* **Data provided**:
_ _ _ _ _ _ _

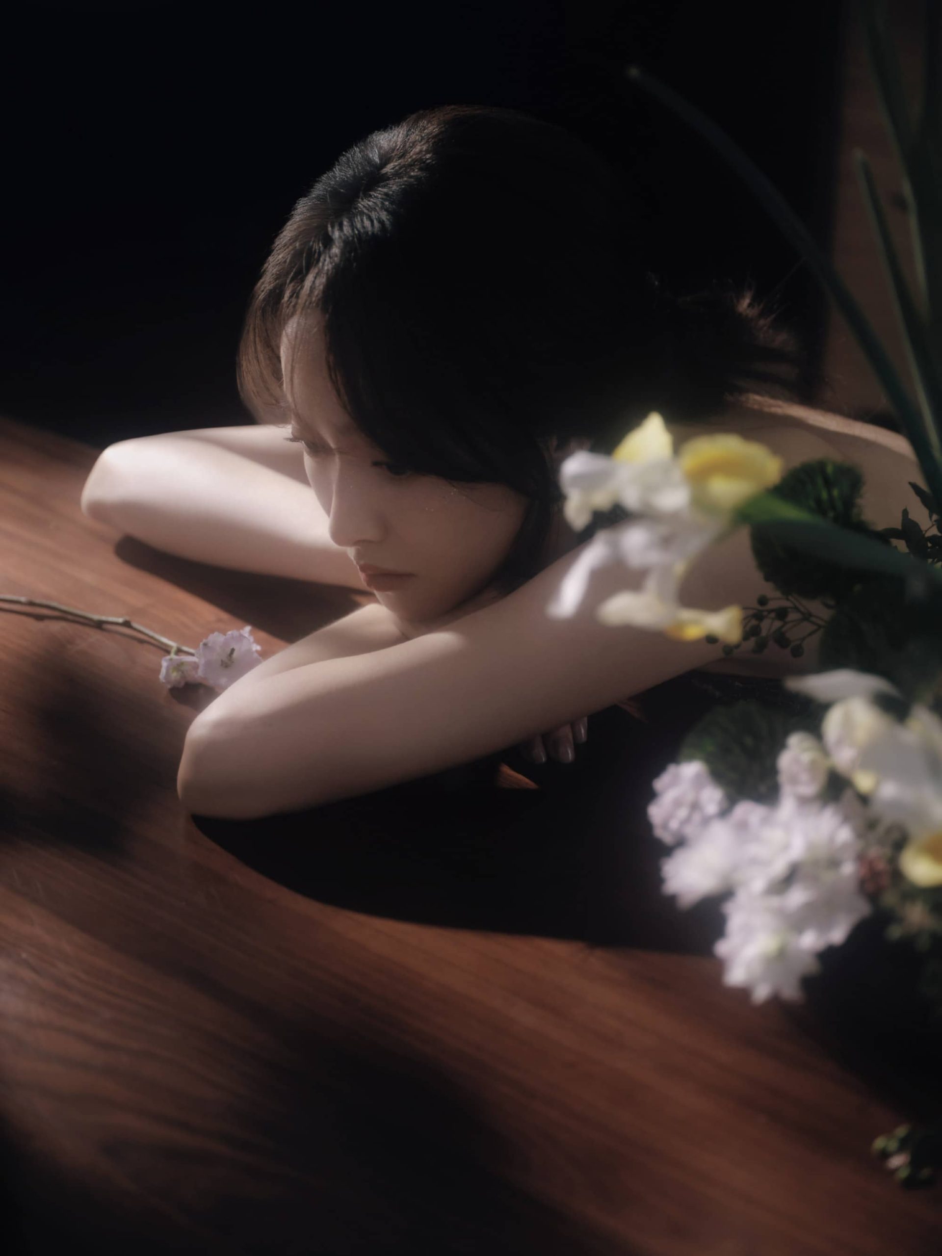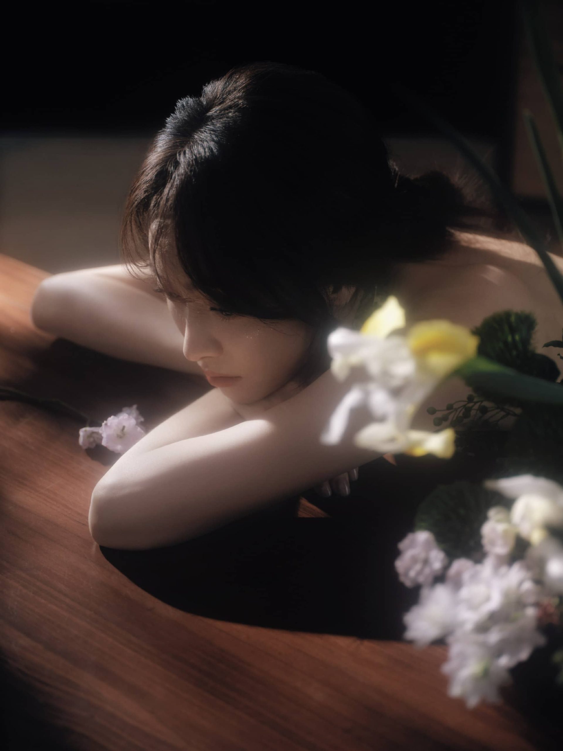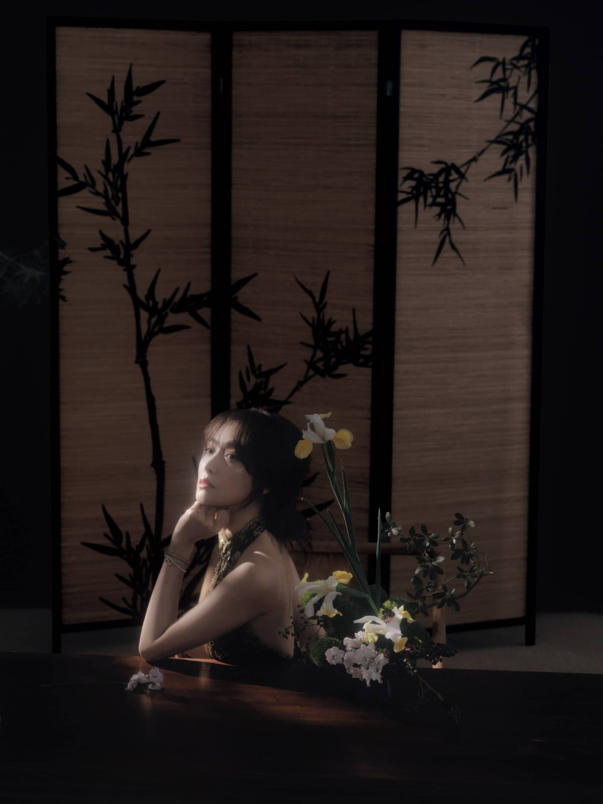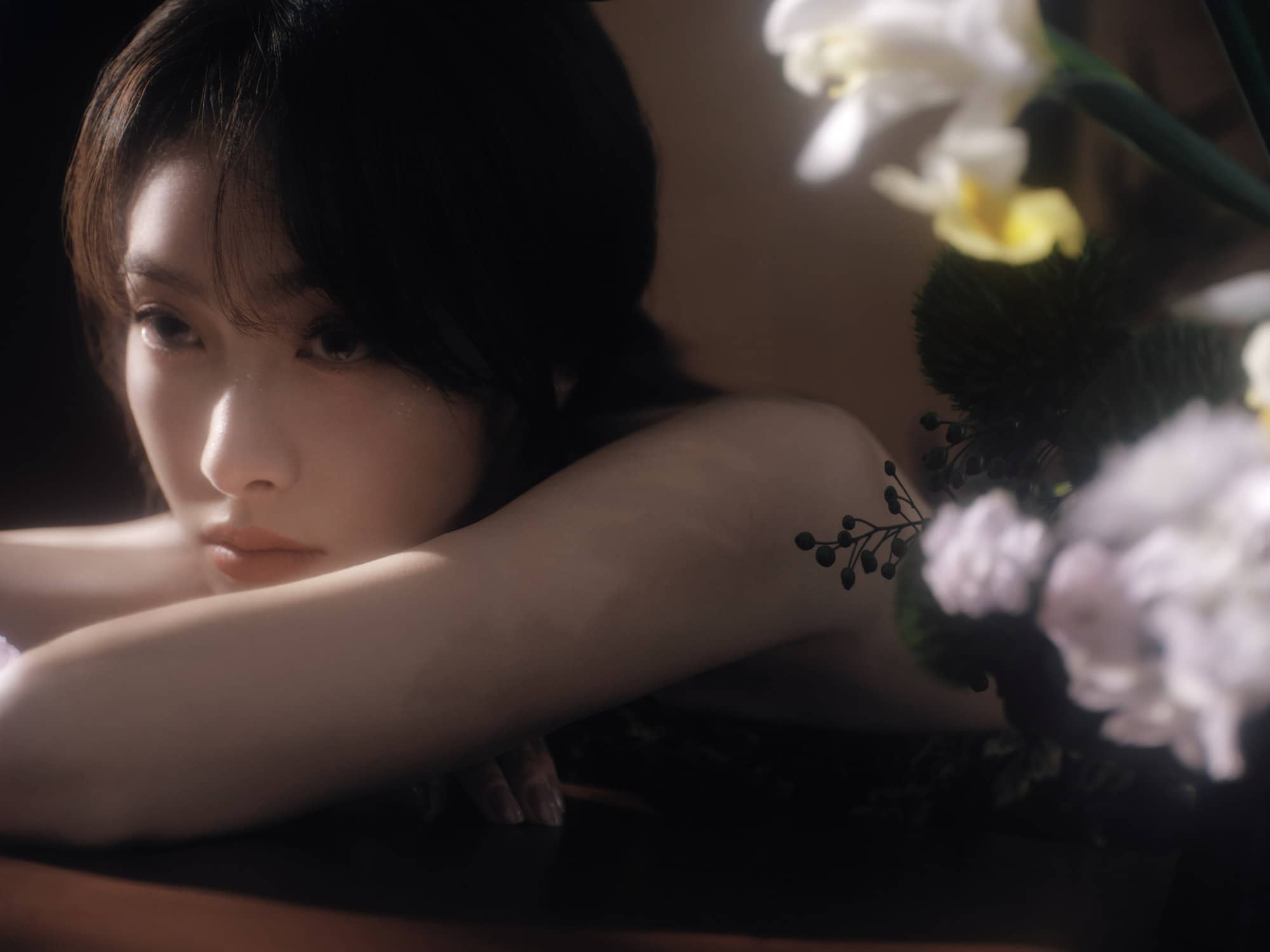 宋茜露背旗袍,澄月凌空,舒展怡人
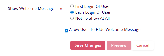 - Within the Show Welcome Message section, select any one of the following options by clicking on the respective radio boxes.
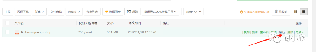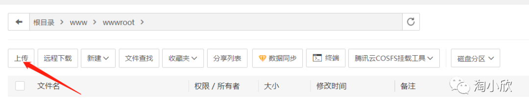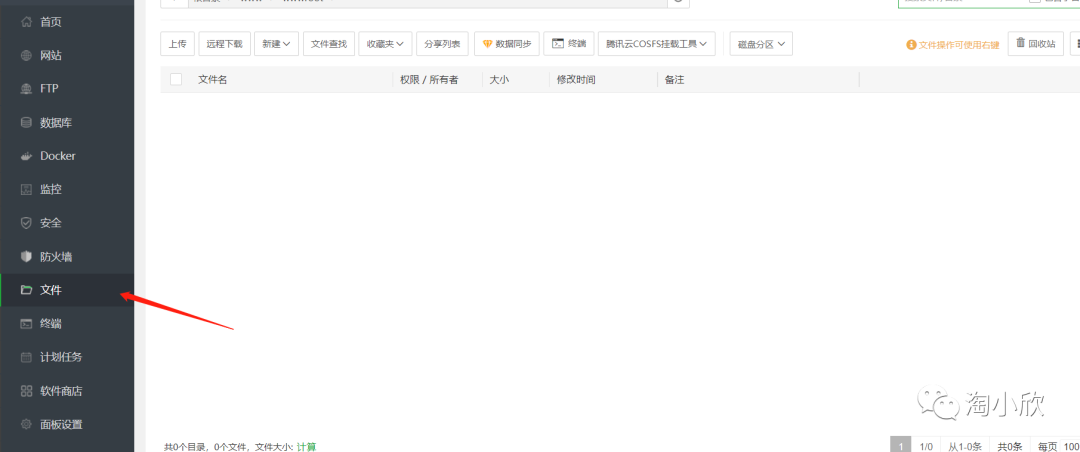 再次打开宝塔面板,点击文件,上传刚刚下载的压缩包

_ _ _ _ _ _ _

Your copy should match the data exactly, apart from the images, which are dropped.

* **Written response**:
 宋茜露背旗袍,澄月凌空,舒展怡人
 - Within the Show Welcome Message section, select any one of the following options by clicking on the respective radio boxes.
 再次打开宝塔面板,点击文件,上传刚刚下载的压缩包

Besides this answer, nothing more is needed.